DATA TO PROCESS:
============

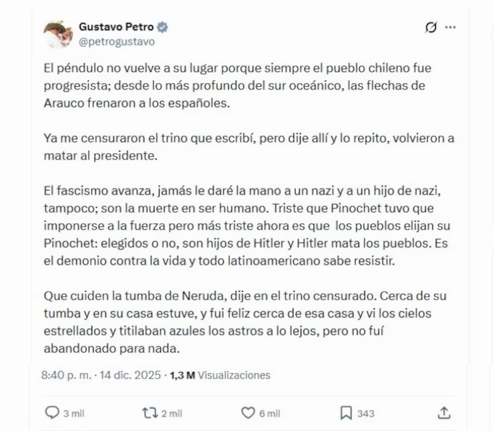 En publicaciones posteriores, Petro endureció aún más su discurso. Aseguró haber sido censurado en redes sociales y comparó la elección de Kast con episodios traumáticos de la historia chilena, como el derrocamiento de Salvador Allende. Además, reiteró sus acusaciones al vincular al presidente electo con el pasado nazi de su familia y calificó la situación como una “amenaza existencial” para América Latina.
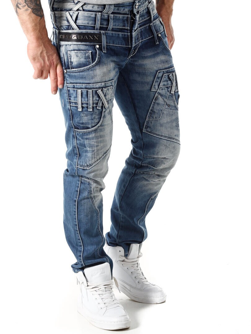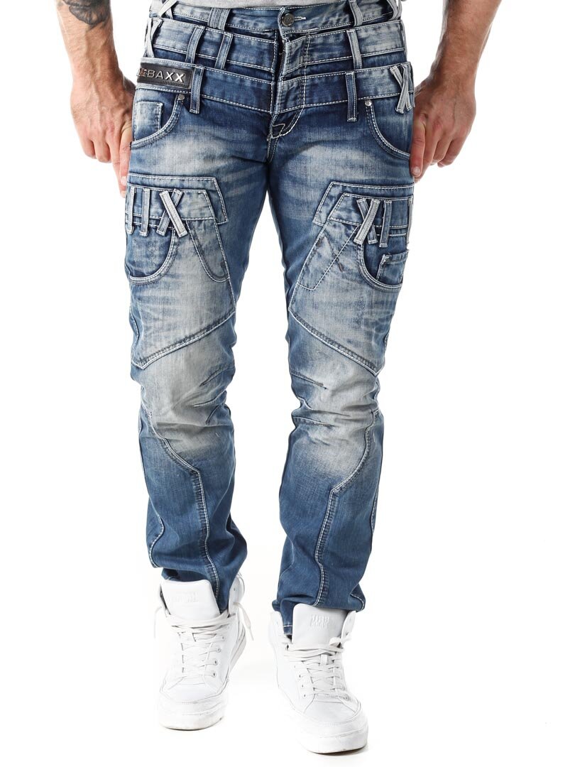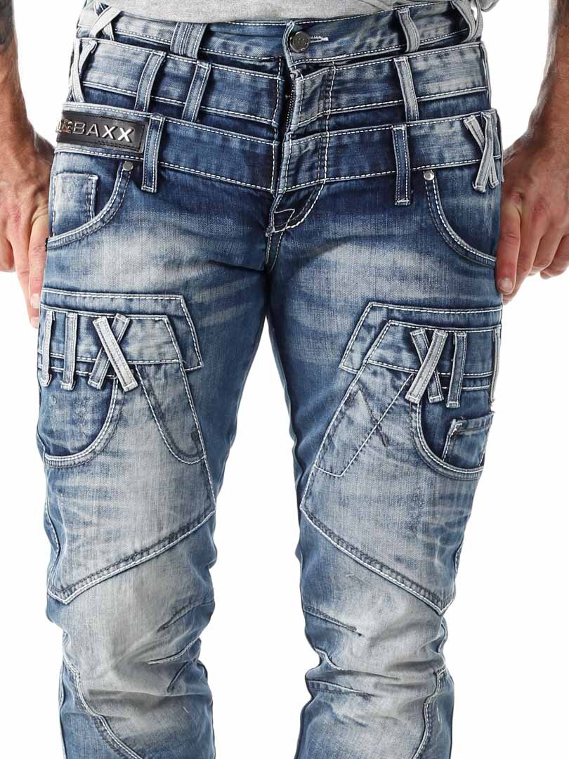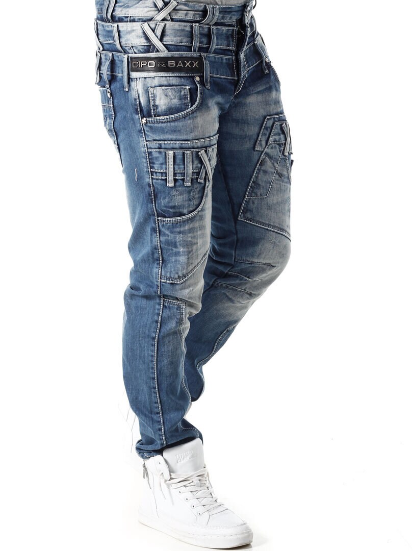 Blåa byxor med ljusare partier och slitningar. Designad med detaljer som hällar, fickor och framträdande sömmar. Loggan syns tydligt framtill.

============

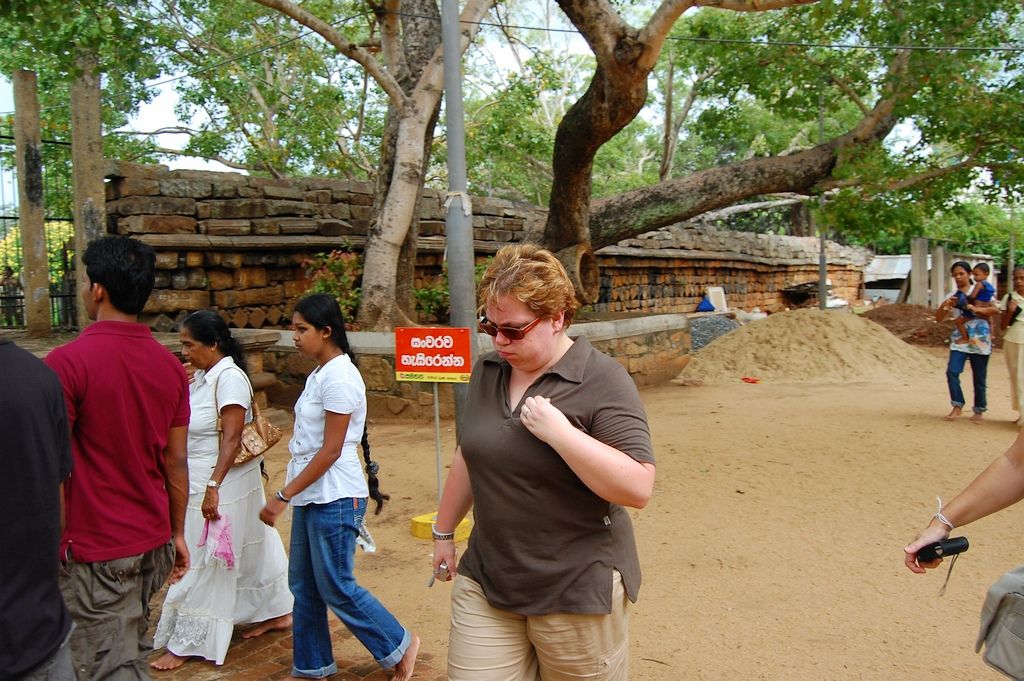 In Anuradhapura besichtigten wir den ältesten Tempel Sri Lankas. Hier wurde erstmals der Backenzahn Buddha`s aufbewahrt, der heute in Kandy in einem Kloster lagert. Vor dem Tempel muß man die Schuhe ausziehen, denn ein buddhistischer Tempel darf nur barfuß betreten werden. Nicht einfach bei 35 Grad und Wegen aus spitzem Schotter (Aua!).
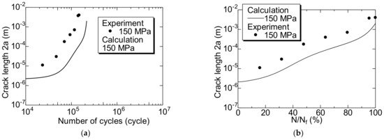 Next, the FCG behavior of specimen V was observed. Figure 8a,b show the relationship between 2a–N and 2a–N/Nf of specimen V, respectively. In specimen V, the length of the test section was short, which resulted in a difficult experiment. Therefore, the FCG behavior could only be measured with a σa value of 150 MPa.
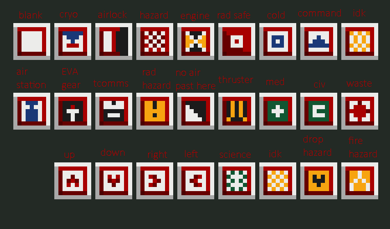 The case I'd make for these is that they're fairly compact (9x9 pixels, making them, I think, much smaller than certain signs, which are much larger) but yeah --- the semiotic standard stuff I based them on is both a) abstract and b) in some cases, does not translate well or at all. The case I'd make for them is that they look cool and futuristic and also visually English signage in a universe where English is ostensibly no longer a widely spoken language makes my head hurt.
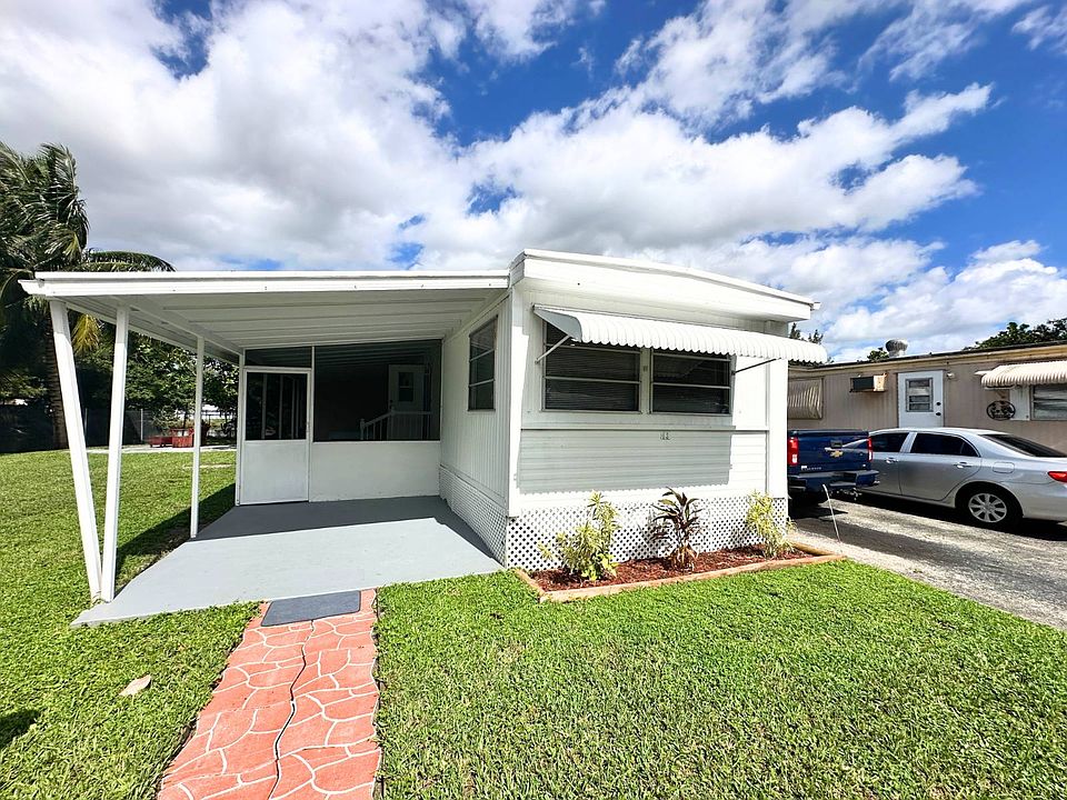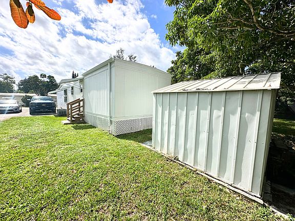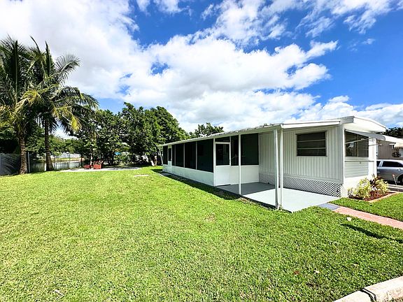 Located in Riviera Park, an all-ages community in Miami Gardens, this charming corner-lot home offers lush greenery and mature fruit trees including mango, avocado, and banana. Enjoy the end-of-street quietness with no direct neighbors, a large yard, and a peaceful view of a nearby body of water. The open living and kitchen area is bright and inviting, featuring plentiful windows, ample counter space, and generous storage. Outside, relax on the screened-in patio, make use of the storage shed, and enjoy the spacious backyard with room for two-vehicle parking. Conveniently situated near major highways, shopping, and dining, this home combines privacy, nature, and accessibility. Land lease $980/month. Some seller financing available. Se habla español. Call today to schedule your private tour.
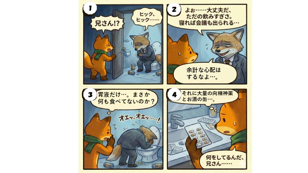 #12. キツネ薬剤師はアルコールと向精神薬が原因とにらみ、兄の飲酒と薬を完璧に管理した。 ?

============

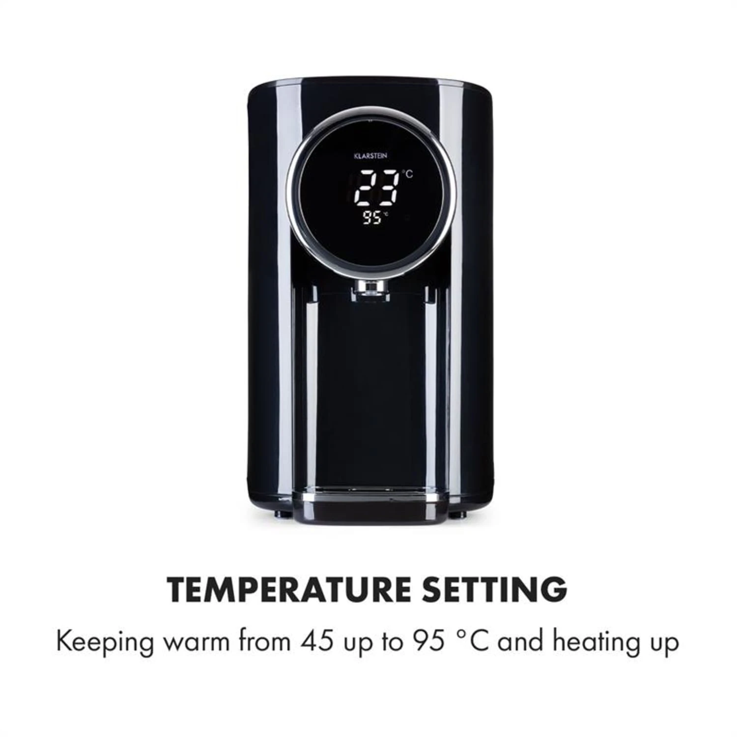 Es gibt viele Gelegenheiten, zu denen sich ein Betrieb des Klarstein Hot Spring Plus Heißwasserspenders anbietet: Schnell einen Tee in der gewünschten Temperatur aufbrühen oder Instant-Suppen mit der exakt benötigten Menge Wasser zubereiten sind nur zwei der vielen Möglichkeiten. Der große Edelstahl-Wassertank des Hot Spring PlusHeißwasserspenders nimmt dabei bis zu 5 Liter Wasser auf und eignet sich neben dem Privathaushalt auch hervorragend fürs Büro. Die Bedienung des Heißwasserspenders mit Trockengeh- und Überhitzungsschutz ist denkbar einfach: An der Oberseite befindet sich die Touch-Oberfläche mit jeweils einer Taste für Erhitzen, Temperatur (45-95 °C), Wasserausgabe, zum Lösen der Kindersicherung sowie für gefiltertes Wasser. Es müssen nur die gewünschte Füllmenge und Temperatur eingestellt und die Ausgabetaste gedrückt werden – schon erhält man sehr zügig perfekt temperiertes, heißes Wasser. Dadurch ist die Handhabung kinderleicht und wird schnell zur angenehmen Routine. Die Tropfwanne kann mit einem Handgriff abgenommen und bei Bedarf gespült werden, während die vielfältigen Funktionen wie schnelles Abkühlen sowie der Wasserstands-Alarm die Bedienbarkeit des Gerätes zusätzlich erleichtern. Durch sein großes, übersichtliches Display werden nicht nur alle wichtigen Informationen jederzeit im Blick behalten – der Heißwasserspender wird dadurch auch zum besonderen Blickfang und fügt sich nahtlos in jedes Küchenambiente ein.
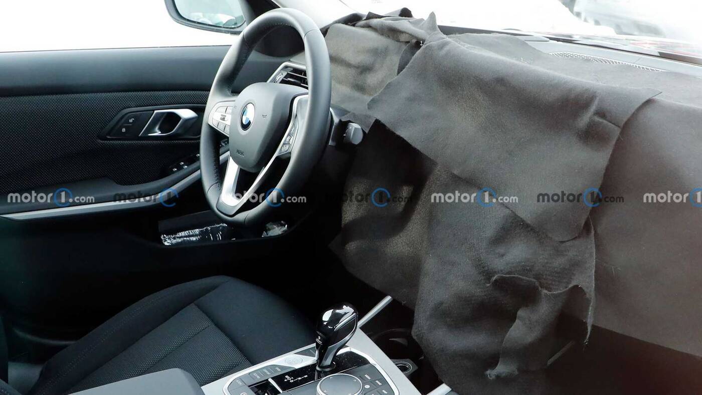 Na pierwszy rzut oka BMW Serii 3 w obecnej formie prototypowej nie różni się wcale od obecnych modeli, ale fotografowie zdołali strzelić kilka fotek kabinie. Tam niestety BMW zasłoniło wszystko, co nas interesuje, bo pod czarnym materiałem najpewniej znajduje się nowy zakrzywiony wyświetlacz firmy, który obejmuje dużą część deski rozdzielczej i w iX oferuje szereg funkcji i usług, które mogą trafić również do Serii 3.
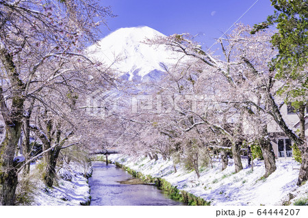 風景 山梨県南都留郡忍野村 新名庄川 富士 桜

============

WORK TO COMPLETE: In the listing above, find the line with "In Anuradhapura besichtigten" and the line with "#12. キツネ薬剤師はアルコールと向精神薬が原因とにらみ、兄の飲酒と薬を完璧に管理した。 ?". Output both, plus every line between them, and no pictures.

TASK RESPONSE:
 In Anuradhapura besichtigten wir den ältesten Tempel Sri Lankas. Hier wurde erstmals der Backenzahn Buddha`s aufbewahrt, der heute in Kandy in einem Kloster lagert. Vor dem Tempel muß man die Schuhe ausziehen, denn ein buddhistischer Tempel darf nur barfuß betreten werden. Nicht einfach bei 35 Grad und Wegen aus spitzem Schotter (Aua!).
 Next, the FCG behavior of specimen V was observed. Figure 8a,b show the relationship between 2a–N and 2a–N/Nf of specimen V, respectively. In specimen V, the length of the test section was short, which resulted in a difficult experiment. Therefore, the FCG behavior could only be measured with a σa value of 150 MPa.
 The case I'd make for these is that they're fairly compact (9x9 pixels, making them, I think, much smaller than certain signs, which are much larger) but yeah --- the semiotic standard stuff I based them on is both a) abstract and b) in some cases, does not translate well or at all. The case I'd make for them is that they look cool and futuristic and also visually English signage in a universe where English is ostensibly no longer a widely spoken language makes my head hurt.
 Located in Riviera Park, an all-ages community in Miami Gardens, this charming corner-lot home offers lush greenery and mature fruit trees including mango, avocado, and banana. Enjoy the end-of-street quietness with no direct neighbors, a large yard, and a peaceful view of a nearby body of water. The open living and kitchen area is bright and inviting, featuring plentiful windows, ample counter space, and generous storage. Outside, relax on the screened-in patio, make use of the storage shed, and enjoy the spacious backyard with room for two-vehicle parking. Conveniently situated near major highways, shopping, and dining, this home combines privacy, nature, and accessibility. Land lease $980/month. Some seller financing available. Se habla español. Call today to schedule your private tour.
 #12. キツネ薬剤師はアルコールと向精神薬が原因とにらみ、兄の飲酒と薬を完璧に管理した。 ?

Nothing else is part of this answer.